What is needed —
Restate the listing below word for word, and leave its pictures behind.

[Start of section]

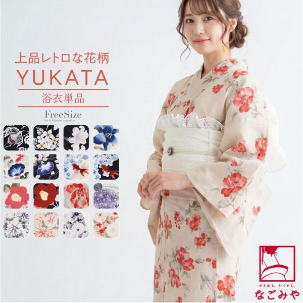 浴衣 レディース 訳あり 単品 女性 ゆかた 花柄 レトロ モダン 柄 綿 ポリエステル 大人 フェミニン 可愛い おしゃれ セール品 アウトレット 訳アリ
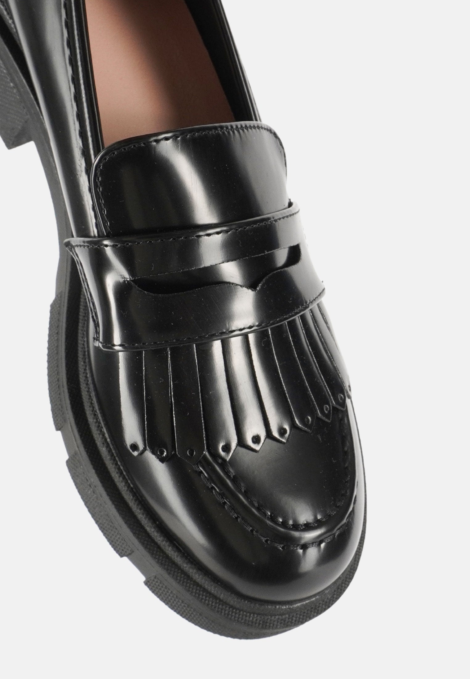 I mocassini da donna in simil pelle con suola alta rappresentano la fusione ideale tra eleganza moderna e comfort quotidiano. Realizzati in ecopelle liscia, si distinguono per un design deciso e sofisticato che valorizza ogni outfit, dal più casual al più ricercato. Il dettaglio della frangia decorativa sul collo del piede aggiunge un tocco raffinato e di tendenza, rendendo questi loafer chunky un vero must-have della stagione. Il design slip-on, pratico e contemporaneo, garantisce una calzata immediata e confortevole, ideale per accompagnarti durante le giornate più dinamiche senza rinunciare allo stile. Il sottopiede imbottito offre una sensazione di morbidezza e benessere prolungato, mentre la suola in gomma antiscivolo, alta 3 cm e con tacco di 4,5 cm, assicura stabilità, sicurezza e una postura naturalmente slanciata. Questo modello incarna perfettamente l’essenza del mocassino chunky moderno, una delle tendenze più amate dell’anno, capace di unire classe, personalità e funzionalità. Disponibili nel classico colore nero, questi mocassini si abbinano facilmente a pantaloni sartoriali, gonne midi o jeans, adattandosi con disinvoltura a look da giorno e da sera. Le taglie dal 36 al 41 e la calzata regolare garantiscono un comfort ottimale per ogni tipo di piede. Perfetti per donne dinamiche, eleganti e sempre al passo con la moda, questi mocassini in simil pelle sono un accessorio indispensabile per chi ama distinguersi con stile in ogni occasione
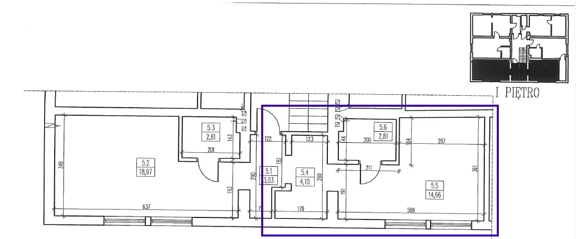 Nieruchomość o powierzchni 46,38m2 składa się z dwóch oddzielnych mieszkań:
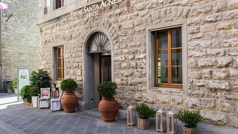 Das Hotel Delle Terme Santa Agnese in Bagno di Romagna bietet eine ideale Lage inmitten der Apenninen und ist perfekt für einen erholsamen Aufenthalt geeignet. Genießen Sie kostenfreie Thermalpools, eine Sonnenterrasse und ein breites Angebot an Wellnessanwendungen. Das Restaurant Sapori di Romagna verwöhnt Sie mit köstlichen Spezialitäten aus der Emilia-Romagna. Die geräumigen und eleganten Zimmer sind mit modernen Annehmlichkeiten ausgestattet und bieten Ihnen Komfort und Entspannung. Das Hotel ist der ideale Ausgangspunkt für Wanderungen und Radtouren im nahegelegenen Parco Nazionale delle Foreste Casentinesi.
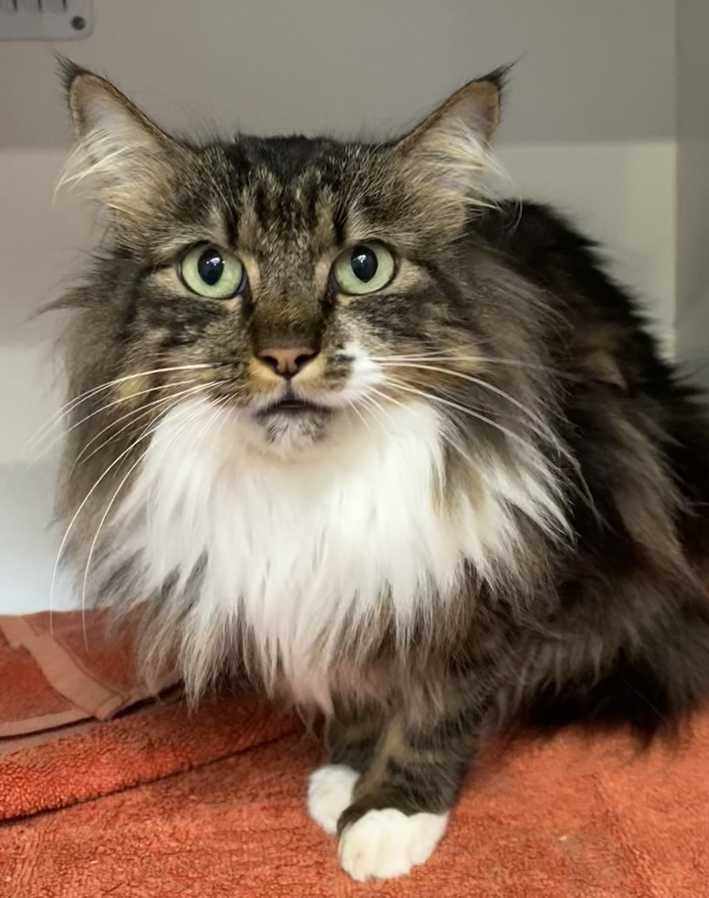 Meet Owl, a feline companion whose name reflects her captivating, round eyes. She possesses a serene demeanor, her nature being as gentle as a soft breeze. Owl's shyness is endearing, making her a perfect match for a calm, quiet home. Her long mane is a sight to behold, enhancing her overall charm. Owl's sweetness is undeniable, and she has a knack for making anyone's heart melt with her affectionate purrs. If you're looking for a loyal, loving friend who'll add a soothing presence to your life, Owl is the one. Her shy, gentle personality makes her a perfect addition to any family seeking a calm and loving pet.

[End of section]

Reply —
 浴衣 レディース 訳あり 単品 女性 ゆかた 花柄 レトロ モダン 柄 綿 ポリエステル 大人 フェミニン 可愛い おしゃれ セール品 アウトレット 訳アリ
 I mocassini da donna in simil pelle con suola alta rappresentano la fusione ideale tra eleganza moderna e comfort quotidiano. Realizzati in ecopelle liscia, si distinguono per un design deciso e sofisticato che valorizza ogni outfit, dal più casual al più ricercato. Il dettaglio della frangia decorativa sul collo del piede aggiunge un tocco raffinato e di tendenza, rendendo questi loafer chunky un vero must-have della stagione. Il design slip-on, pratico e contemporaneo, garantisce una calzata immediata e confortevole, ideale per accompagnarti durante le giornate più dinamiche senza rinunciare allo stile. Il sottopiede imbottito offre una sensazione di morbidezza e benessere prolungato, mentre la suola in gomma antiscivolo, alta 3 cm e con tacco di 4,5 cm, assicura stabilità, sicurezza e una postura naturalmente slanciata. Questo modello incarna perfettamente l’essenza del mocassino chunky moderno, una delle tendenze più amate dell’anno, capace di unire classe, personalità e funzionalità. Disponibili nel classico colore nero, questi mocassini si abbinano facilmente a pantaloni sartoriali, gonne midi o jeans, adattandosi con disinvoltura a look da giorno e da sera. Le taglie dal 36 al 41 e la calzata regolare garantiscono un comfort ottimale per ogni tipo di piede. Perfetti per donne dinamiche, eleganti e sempre al passo con la moda, questi mocassini in simil pelle sono un accessorio indispensabile per chi ama distinguersi con stile in ogni occasione
 Nieruchomość o powierzchni 46,38m2 składa się z dwóch oddzielnych mieszkań:
 Das Hotel Delle Terme Santa Agnese in Bagno di Romagna bietet eine ideale Lage inmitten der Apenninen und ist perfekt für einen erholsamen Aufenthalt geeignet. Genießen Sie kostenfreie Thermalpools, eine Sonnenterrasse und ein breites Angebot an Wellnessanwendungen. Das Restaurant Sapori di Romagna verwöhnt Sie mit köstlichen Spezialitäten aus der Emilia-Romagna. Die geräumigen und eleganten Zimmer sind mit modernen Annehmlichkeiten ausgestattet und bieten Ihnen Komfort und Entspannung. Das Hotel ist der ideale Ausgangspunkt für Wanderungen und Radtouren im nahegelegenen Parco Nazionale delle Foreste Casentinesi.
 Meet Owl, a feline companion whose name reflects her captivating, round eyes. She possesses a serene demeanor, her nature being as gentle as a soft breeze. Owl's shyness is endearing, making her a perfect match for a calm, quiet home. Her long mane is a sight to behold, enhancing her overall charm. Owl's sweetness is undeniable, and she has a knack for making anyone's heart melt with her affectionate purrs. If you're looking for a loyal, loving friend who'll add a soothing presence to your life, Owl is the one. Her shy, gentle personality makes her a perfect addition to any family seeking a calm and loving pet.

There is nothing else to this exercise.